> YOUR OBJECTIVE
Restate exactly the lines that run from the start of the records below to the line containing "BIOKAP DELICATO RAPID", counting both ends, and nothing else; pictures stay out.
◇ ◇ ◇ ◇ ◇
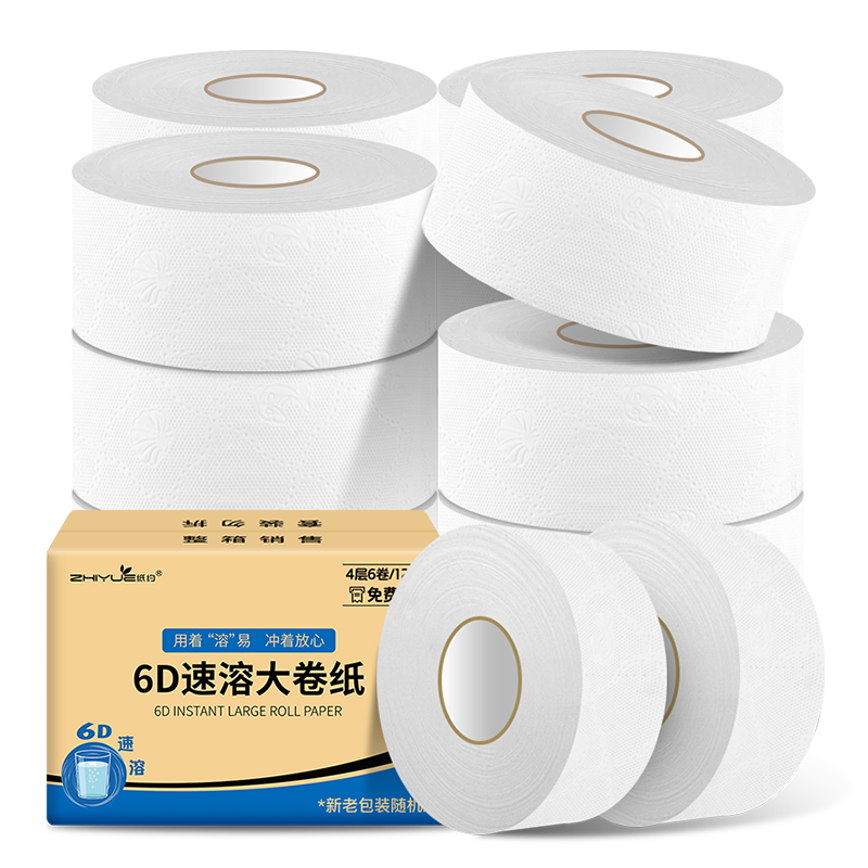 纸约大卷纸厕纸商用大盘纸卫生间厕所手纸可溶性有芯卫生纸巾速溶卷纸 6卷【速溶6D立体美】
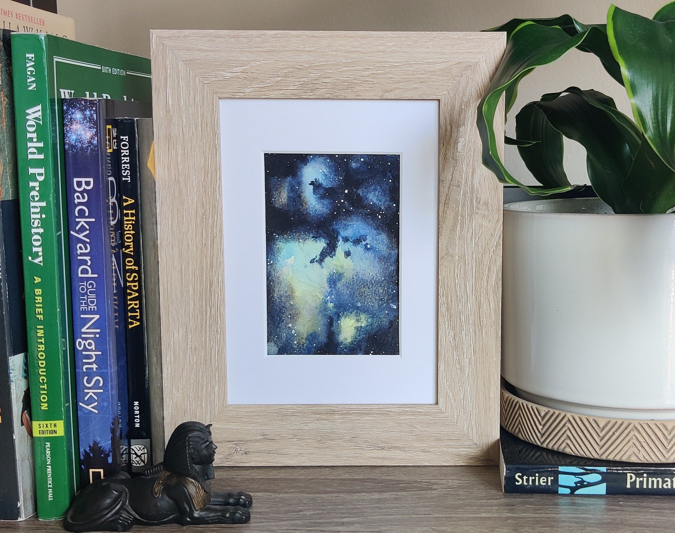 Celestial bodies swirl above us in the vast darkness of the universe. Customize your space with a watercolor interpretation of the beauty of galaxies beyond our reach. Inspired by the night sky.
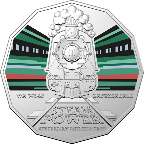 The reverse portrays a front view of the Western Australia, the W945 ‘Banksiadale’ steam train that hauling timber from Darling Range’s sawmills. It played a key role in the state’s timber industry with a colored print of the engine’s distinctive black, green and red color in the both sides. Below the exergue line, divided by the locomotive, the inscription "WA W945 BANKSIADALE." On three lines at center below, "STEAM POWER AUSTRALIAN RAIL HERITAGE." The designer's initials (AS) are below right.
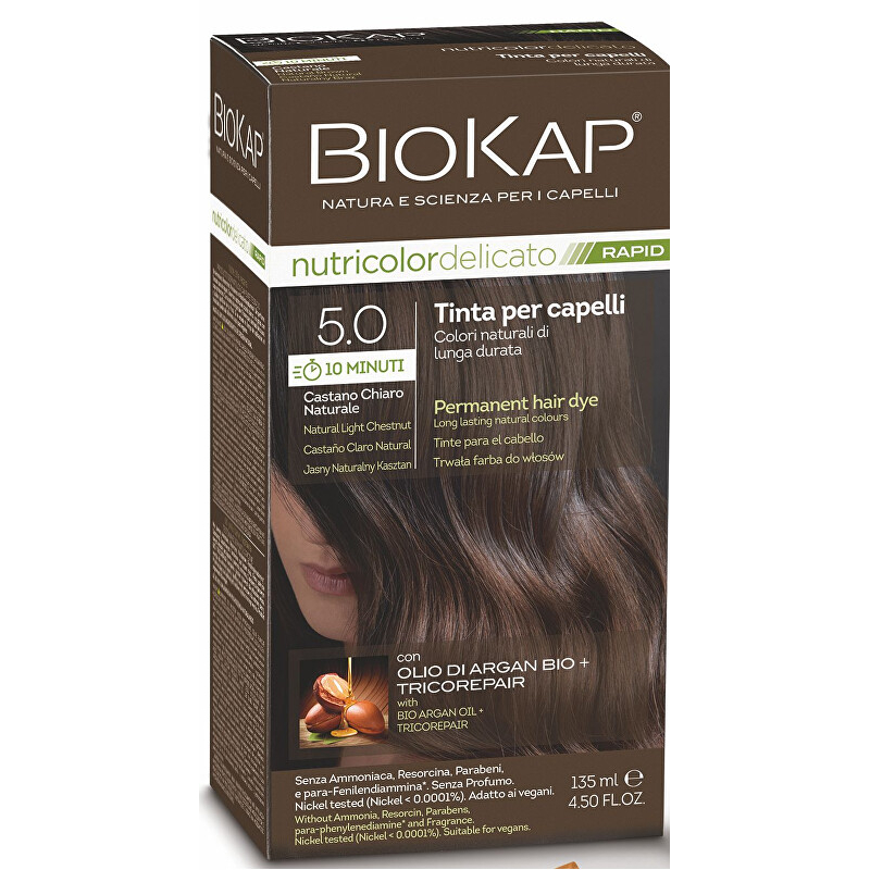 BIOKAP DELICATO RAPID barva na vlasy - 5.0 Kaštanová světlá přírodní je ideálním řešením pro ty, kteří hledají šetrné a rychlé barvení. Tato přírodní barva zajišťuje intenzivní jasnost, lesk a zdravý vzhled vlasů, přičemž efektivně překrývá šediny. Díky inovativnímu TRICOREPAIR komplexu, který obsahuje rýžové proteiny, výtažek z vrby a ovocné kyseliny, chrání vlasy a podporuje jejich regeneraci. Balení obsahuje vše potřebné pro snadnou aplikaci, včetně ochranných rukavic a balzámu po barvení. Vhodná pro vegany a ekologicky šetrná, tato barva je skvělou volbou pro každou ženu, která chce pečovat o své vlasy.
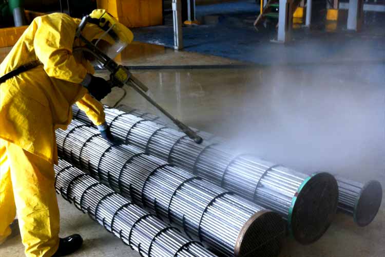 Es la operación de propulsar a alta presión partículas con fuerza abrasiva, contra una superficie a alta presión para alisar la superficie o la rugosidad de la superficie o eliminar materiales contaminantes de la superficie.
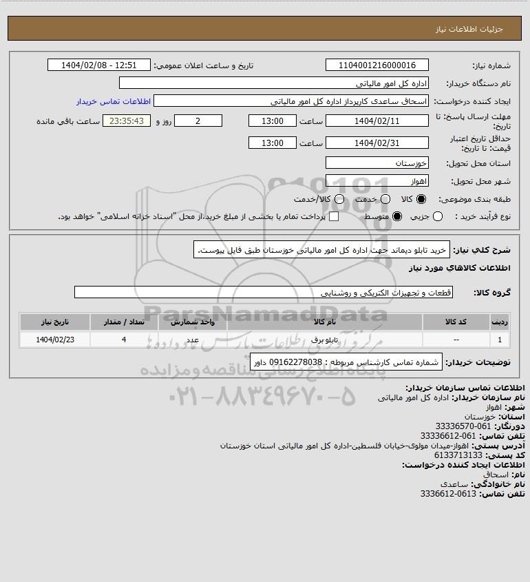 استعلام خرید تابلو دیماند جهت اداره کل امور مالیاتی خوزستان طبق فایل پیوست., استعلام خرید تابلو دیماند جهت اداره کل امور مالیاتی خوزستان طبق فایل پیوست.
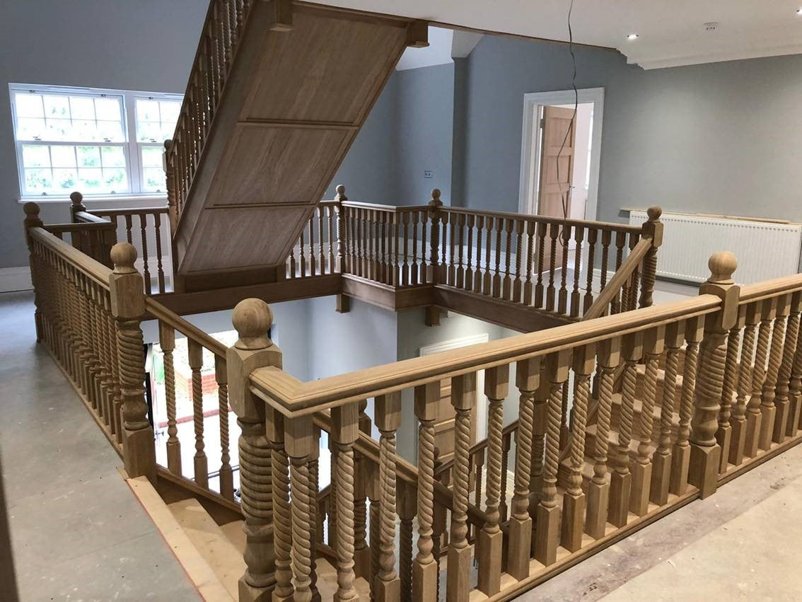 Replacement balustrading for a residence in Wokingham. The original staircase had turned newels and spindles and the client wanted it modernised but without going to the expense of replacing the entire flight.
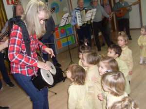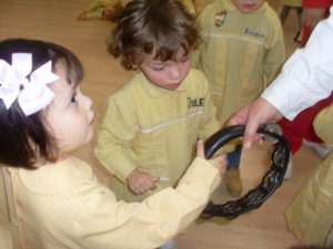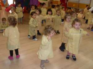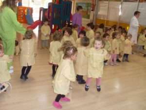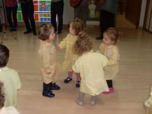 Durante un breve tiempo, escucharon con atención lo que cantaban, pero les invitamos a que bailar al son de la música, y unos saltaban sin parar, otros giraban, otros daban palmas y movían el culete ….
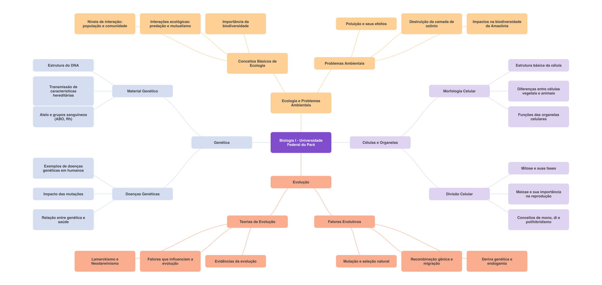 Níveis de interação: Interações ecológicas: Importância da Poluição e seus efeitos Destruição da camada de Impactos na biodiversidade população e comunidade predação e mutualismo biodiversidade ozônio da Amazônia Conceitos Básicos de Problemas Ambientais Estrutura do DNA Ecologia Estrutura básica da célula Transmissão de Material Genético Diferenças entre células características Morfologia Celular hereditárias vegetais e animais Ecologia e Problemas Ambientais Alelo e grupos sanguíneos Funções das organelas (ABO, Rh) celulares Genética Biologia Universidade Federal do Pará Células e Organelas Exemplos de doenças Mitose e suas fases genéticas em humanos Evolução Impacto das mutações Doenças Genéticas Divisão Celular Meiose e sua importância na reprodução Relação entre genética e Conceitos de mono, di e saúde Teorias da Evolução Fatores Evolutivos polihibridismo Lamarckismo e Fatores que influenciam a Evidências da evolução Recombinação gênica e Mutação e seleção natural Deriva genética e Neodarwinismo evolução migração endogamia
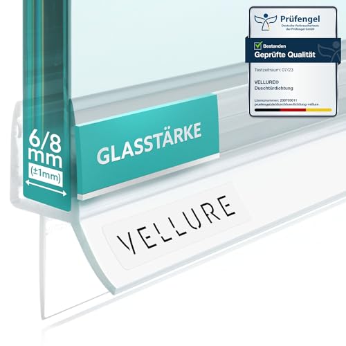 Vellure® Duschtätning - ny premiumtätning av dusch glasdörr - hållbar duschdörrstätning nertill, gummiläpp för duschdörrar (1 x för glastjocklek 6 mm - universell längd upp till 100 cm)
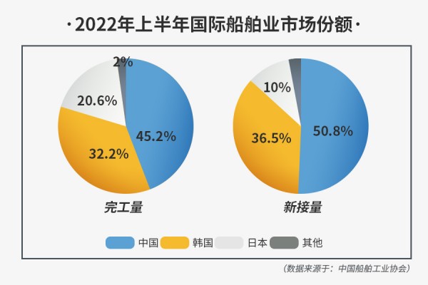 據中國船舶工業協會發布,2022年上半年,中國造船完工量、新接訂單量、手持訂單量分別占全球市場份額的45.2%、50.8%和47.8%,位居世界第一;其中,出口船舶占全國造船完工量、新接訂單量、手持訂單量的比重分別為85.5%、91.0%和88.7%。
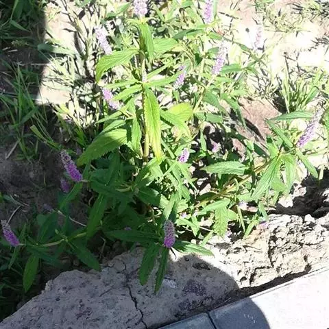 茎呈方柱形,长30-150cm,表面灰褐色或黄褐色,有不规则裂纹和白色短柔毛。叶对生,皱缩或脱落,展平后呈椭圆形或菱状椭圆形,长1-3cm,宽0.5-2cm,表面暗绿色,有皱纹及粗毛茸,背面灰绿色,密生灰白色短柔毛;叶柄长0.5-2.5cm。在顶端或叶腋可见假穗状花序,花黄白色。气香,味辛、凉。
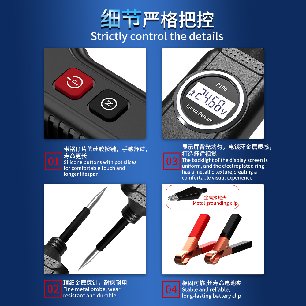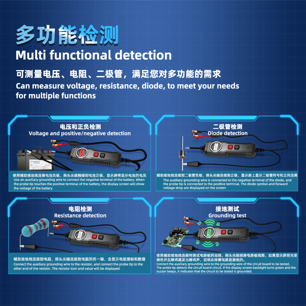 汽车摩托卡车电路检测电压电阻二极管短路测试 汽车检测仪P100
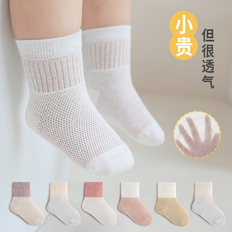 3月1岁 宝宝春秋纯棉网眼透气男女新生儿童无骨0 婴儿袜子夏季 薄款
◇ ◇ ◇ ◇ ◇
> OUTPUT OF THE EXERCISE
 纸约大卷纸厕纸商用大盘纸卫生间厕所手纸可溶性有芯卫生纸巾速溶卷纸 6卷【速溶6D立体美】
 Celestial bodies swirl above us in the vast darkness of the universe. Customize your space with a watercolor interpretation of the beauty of galaxies beyond our reach. Inspired by the night sky.
 The reverse portrays a front view of the Western Australia, the W945 ‘Banksiadale’ steam train that hauling timber from Darling Range’s sawmills. It played a key role in the state’s timber industry with a colored print of the engine’s distinctive black, green and red color in the both sides. Below the exergue line, divided by the locomotive, the inscription "WA W945 BANKSIADALE." On three lines at center below, "STEAM POWER AUSTRALIAN RAIL HERITAGE." The designer's initials (AS) are below right.
 BIOKAP DELICATO RAPID barva na vlasy - 5.0 Kaštanová světlá přírodní je ideálním řešením pro ty, kteří hledají šetrné a rychlé barvení. Tato přírodní barva zajišťuje intenzivní jasnost, lesk a zdravý vzhled vlasů, přičemž efektivně překrývá šediny. Díky inovativnímu TRICOREPAIR komplexu, který obsahuje rýžové proteiny, výtažek z vrby a ovocné kyseliny, chrání vlasy a podporuje jejich regeneraci. Balení obsahuje vše potřebné pro snadnou aplikaci, včetně ochranných rukavic a balzámu po barvení. Vhodná pro vegany a ekologicky šetrná, tato barva je skvělou volbou pro každou ženu, která chce pečovat o své vlasy.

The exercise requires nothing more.